The people. “Burners.”
“No Spectators” is a reference to the principle ethos of Burning Man. There is no attending as a passive observer – you are expected to be a part of it – to practice radical self-expression, and gifting, communal effort, and decommodification, among others. After a few days at Burning Man, I stopped noticing what I would otherwise consider “strange” in the default world – the naked people on bikes with goggles and bunny ears, stilt walkers, attractive men in tuxedos valet parking bicycles, or the person driving an octopus spurting fire. “Strange” becomes so varied and ubiquitous after the first few days, what truly stands out is not how people are dressed (although this is often just amazing), it is the constant surprise of kindness, generosity and creativity. Since the time is short, interactions with strangers are not done for credit or with any expectation of reciprocity. The environment is designed as a safe space for all forms of expression – as people engage in expression, it enhances the experience for everyone. We greet each other with hugs, we look into each other’s eyes without fear, without looking away. We embrace strangers and express love in the same way you would to a trusted friend. The love and trust come first, it is not feared or withheld. I hadn’t thought that much about it prior to Burning Man, but our default world interactions discourage public kindness, trust and generosity. These characteristics are associated with naivety and weakness. The expressions of sincere kindness and openness at Burning Man truly stand out. They made my heart physically grow. Until you feel this happen to you, it is very difficult to understand the joy that comes from an environment where it is safe to express this type of affection to strangers. I recommend reaching out to a stranger at the exhibit and initiating a kind interaction. In these spaces, people become the works of art as well.
The gift economy
Acquiring money is a dominant part of our daily lives and often a constant source of anxiety. For the week you spend at Burning Man this anxiety is not present. Your relationship with the environment and other people is not a series of economic transactions and networking opportunities to advance or succeed in the future. Instead the interactions in this environment are nearly opposite. The more generous you are, the more human joy you create. The currency in this gifting economy is a formula of creativity and generosity. This all happens in the present, without the expectation of return in the future. Until you have immersed yourself in this environment, it is very hard to explain how this feels. I observe this shift as an opportunity to see every person as an expression of art and beauty. Like the kinetic sculptures, the detail and love invested in the design of the temple, the people around you awaken as art. Interacting with them can bring you joy and wonder because they are free to express without fear.

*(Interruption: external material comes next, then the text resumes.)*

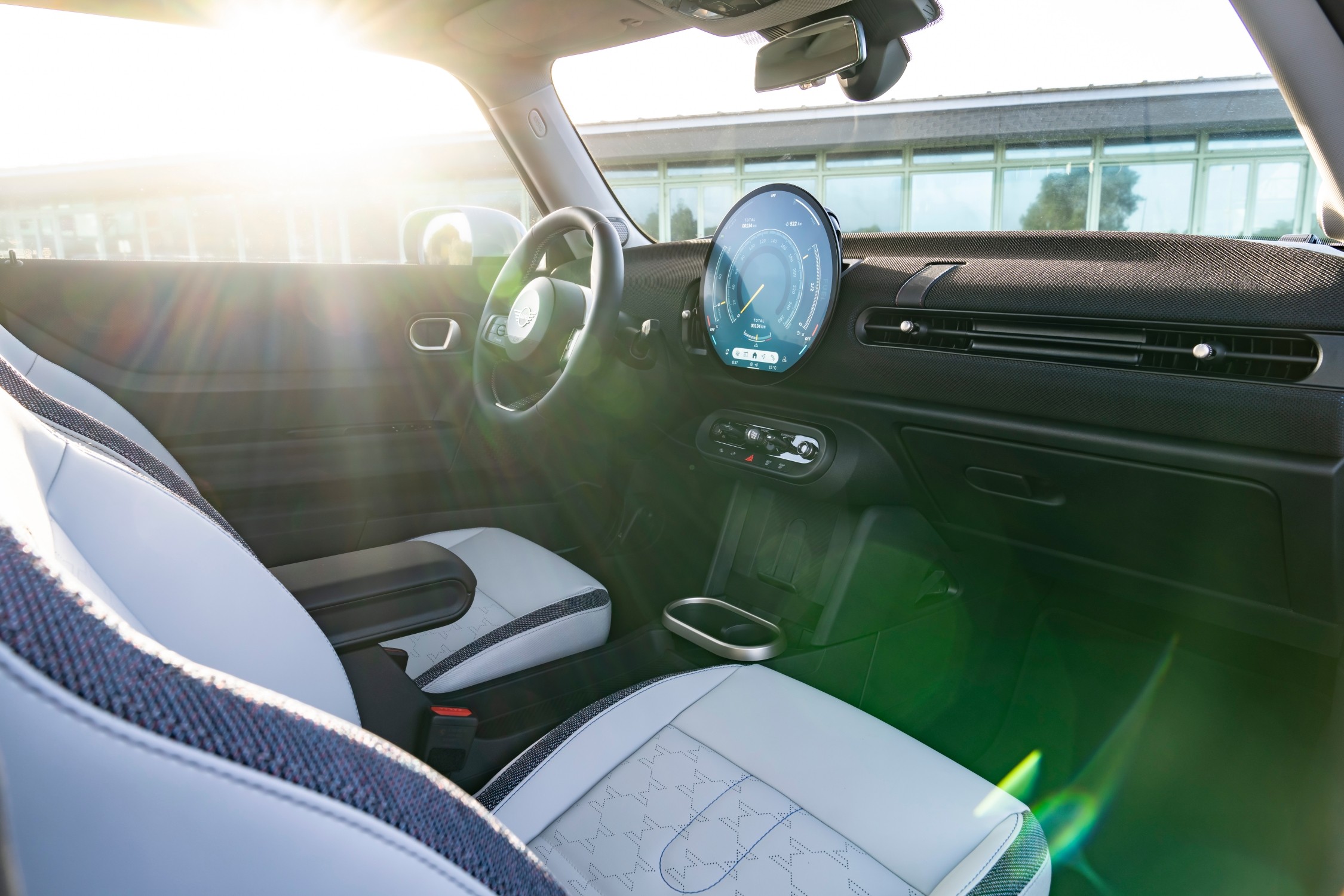 Ve výbavě Classic se palubní deska vyznačuje černo-modrými plochami tvořenými úpletem. Sedadla čalouněná kvalitním materiálem Vescin v šedé nebo černé barvě vytvářejí s ostatními prvky interiéru výrazný kontrast. Stylový vzor perforace „Houndtooth“ na opěradle i sedáku, stejně jako modré ozdobné prošívání a výrazné látkové vložky na bocích podtrhují nezaměnitelný charakter interiéru tohoto MINI.

Serendipity and surprise encounters
The most magical experiences at Burning Man are discovered accidentally and feel more incredible because they are unexpected. When you arrive at a museum, you know that you are preparing to encounter something interesting. I go to museums in D.C. every weekend. I often cry in front of works of art and deeply appreciate the beauty of the story behind the works. However, Burning Man art is very different. Works of art appear sometimes as a mirage on the horizon. Like a dream or the feeling of first falling in love, it feels like an unexpectedly awakening. Since the artworks are positioned all over the playa, they require a journey. I love the feeling of discovery. Sometimes the works offer you shelter from dust storms and you have to hide inside with strangers. You meet beautiful people hanging on top of sculptures and dangling from them. Sometimes that person is the artist, sometimes that person is going to share a deeply personal experience with you. This is also an unexpected, truly beautiful happening.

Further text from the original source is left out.